Monday, February 9, 2015

The King and I at 30: Or why it sucks to be the same age as LeBron

The King and I at 30
Or why it sucks to be the same age as LeBron


Achievement is a funny thing. To feel like you’ve achieved something is totally and utterly subjective and often has to do with you comparing yourself to other people. For my parents who were both first generation college grads who grew up in poverty just completing college was achievement enough. For me that was just the baseline. When I was asked in gradeschool and asked “where do you see yourself as an adult” I always assumed it was about 30 and that I’d have a house and a job. I guess this was because my dad had a house and job her would end up retiring in by 30. That would mean I was accomplished

LeBron man, he’s accomplished a lot. You see him up there with rings, the millions of dollars and all the acclaim. People throw parades for him, pay thousands of dollars to see him, and freaking buy clothes with his name on it. He pulled himself out of poverty. As the years has past comparing all this to myself, man, it can get overwhelming. I freaking have debt, drive a 1996 corolla, live in a renter house, and am planning my third move in 3 years. I feel unaccomplished.
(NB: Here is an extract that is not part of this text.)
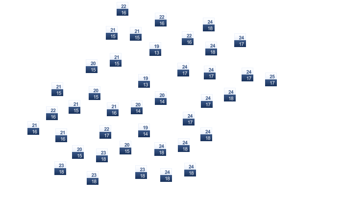 | 19 | 19 | 19 | 19 | 19 | 18 | 17 | 18 | 19 | 20 | 19 | 19 |

 Despite these feelings, I have always felt a kinship with LeBron even though I’ve never even seen him play in person. Perhaps it was watching him on magazine covers and on ESPN while he and I were in highschool. Possibly it was we both looked like goofy, tall, lanky dudes in highschool. Maybe it’s because he seemed so laid back. Perhaps it’s because we shared an OB for the births of a child.

Truth be told, I feel that kinship with the dude I’ve never met likely because of the scrutiny and pressure to succeed that was always on him. Every time a microphone was thrust in his face, he was scrutinized for passing it to some inferior teammate in the last second (holla Donyell!), or was told he was “too soft” or “didn’t want it enough”, I cringed a little. It just never seemed like he could do enough for anyone. Score the last 28 points in a playoff game, win MVPs, win rings, play every minute possible, be the best player in the world, it just never seemed like enough for the critics, for those outside of him, for the rest of the world. In someways basketball chose him and he had to live up to it.

Thinking about it now, in that way LeBron and I differ and it’s probably a good thing. Yeah, I had a lot of pressure to be a good student but my friends and family was always just: “get a good job man” “be able to feed your family” “just be yourself.” My pressure and criticism was, and is, internal. I put it on myself. Sometimes my wife wonders why unaccomplished. There’s no one asking me everyday what’s wrong, why I’m not better, why I can’t fix everything. If I had someone shove a mic in me after every therapy session asking why the dudes depression hadn’t alleviated or his A1C levels didn’t go down it would get old fast, it would suck, I would be a different person. Heck, it took me the first two years of gradschool to explain to my parents I was getting a PhD. LeBron was expected to end up better than Jordan before he was 19.

I already feel old at thirty so maybe it’s not too bad to be unaccomplished and at the start of my career. I get to just enjoy things, cruise along, spend time with my kids and work towards my goal. LeBron has miles on his body and is starting to see the otherside of the hill. People are starting to ask when it’s all going to end for him and make determinations about his legacy. HE’S THIRTY YEARS OLD.

So as I’m watching in person for the first time LeBron sprint up and down the court tonight doing inhuman things and likely pounding my poor Jazz into oblivion at least I know we’re both 30 today and while we’ve grown up together at least the world is giving me space to do a lot more growing. Thanks LeBron. Yeah it sucks to feel unaccomplished next to you but at least I feel younger now. And I have all my hair, so there.

-Joseph Horner is a Chinese-Caucasian Clinical Psychology Fellow and Utah Jazz fan from Idaho who lives in Cleveland. No really. Also former resident of OKC, Utah, and Philly. He considers it divine providence that the Jazz are here on his 30th birthday.